What’s 100 times stronger than steel, weighs one-sixth as much and can be snapped like a twig by a tiny air bubble? The answer is a carbon nanotube — and a new study by Rice University scientists details exactly how the much-studied nanomaterials snap when subjected to ultrasonic vibrations in a liquid.
“We find that the old saying ‘I will break but not bend’ does not hold at the micro- and nanoscale,” said Rice engineering researcher Matteo Pasquali, the lead scientist on the study, which appears this month in the Proceedings of the National Academy of Sciences.
Carbon nanotubes — hollow tubes of pure carbon about as wide as a strand of DNA — are one of the most-studied materials in nanotechnology. For well over a decade, scientists have used ultrasonic vibrations to separate and prepare nanotubes in the lab. In the new study, Pasquali and colleagues show how this process works — and why it’s a detriment to long nanotubes. That’s important for researchers who want to make and study long nanotubes.
“We found that long and short nanotubes behave very differently when they are sonicated,” said Pasquali, professor of chemical and biomolecular engineering and of chemistry at Rice. “Shorter nanotubes get stretched while longer nanotubes bend. Both mechanisms can lead to breaking.”
Discovered more than 20 years ago, carbon nanotubes are one of the original wonder materials of nanotechnology. They are close cousins of the buckyball, the particle whose 1985 discovery at Rice helped kick off the nanotechnology revolution.

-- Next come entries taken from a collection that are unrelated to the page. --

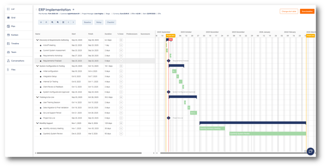 The Grid view presents all your tasks in a structured, tabular layout. This view is ideal for managing tasks quickly and efficiently across a large plan.
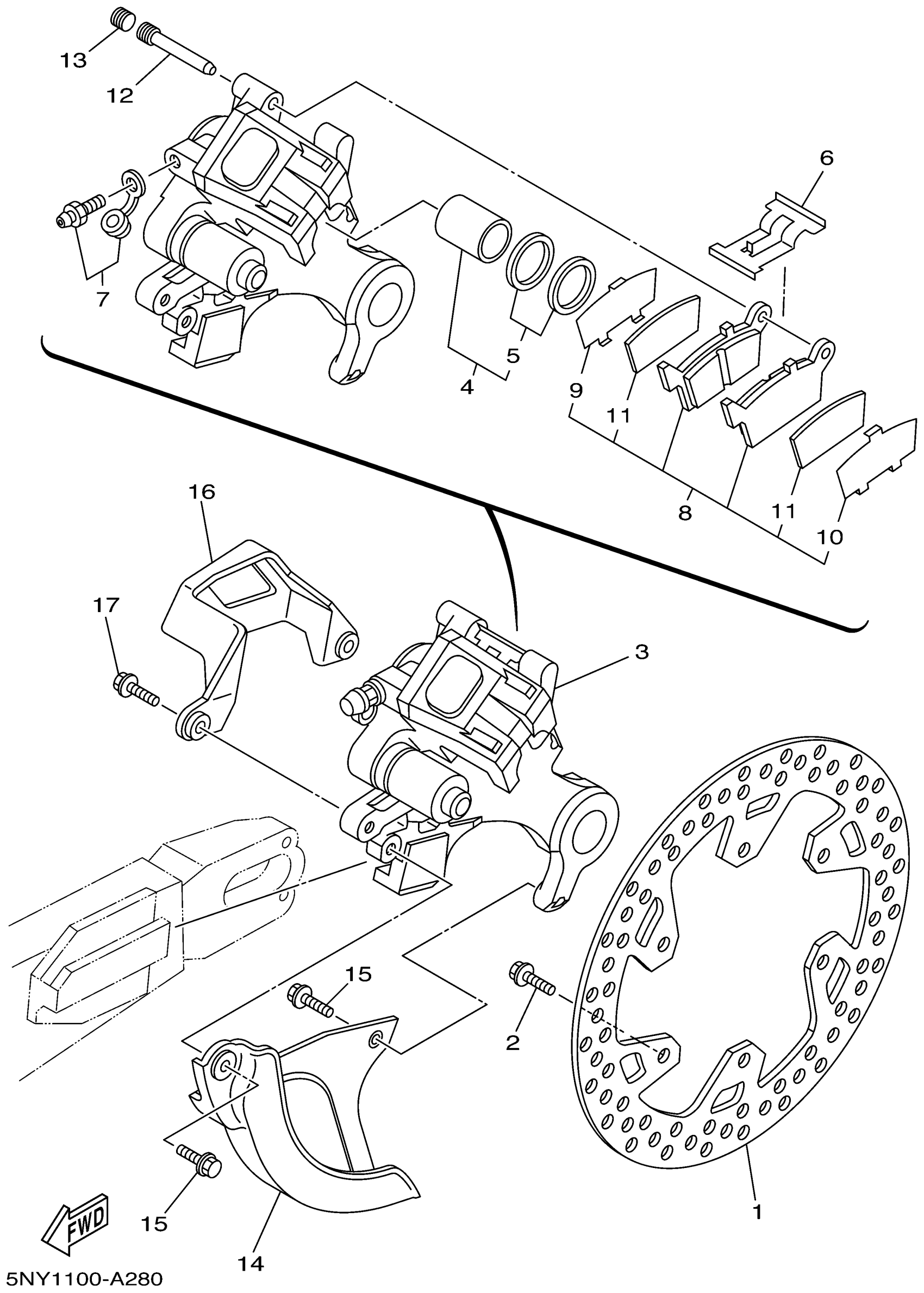 Yamaha YZ250P (YZ250) 5NX1 2002 REAR BRAKE CALIPER Diagram
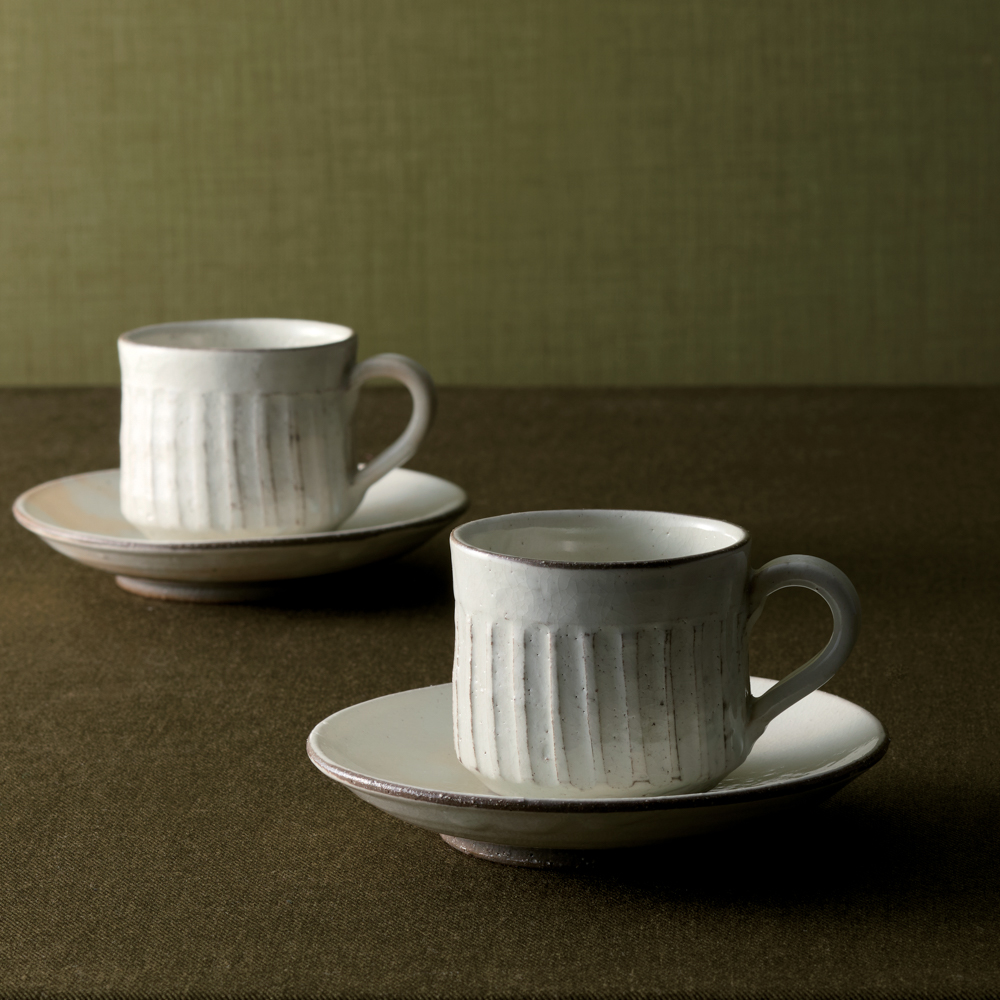 手作業で削られた削ぎ模様が味わい深い碗皿ペア。

Nanotubes can be used in paintable batteries and sensors, to diagnose and treat disease, and for next-generation power cables in electrical grids. Many of the optical and material properties of nanotubes were discovered at Rice’s Smalley Institute for Nanoscale Science and Technology, and the first large-scale production method for making single-wall nanotubes was discovered at Rice by the institute’s namesake, the late Richard Smalley.
“Processing nanotubes in liquids is industrially important but it’s quite difficult because they tend to clump together,” co-author Micah Green said. “These nanotube clumps won’t dissolve in common solvents, but sonication can break these clumps apart in order to separate, i.e., disperse, the nanotubes.”
Newly grown nanotubes can be a thousand times longer than they are wide, and although sonication is very effective at breaking up the clumps, it also makes the nanotubes shorter. In fact, researchers have developed an equation called a “power law” that describes how dramatic this shortening will be. Scientists input the sonication power and the amount of time the sample will be sonicated, and the power law tells them the average length of the nanotubes that will be produced. The nanotubes get shorter as power and exposure time increase.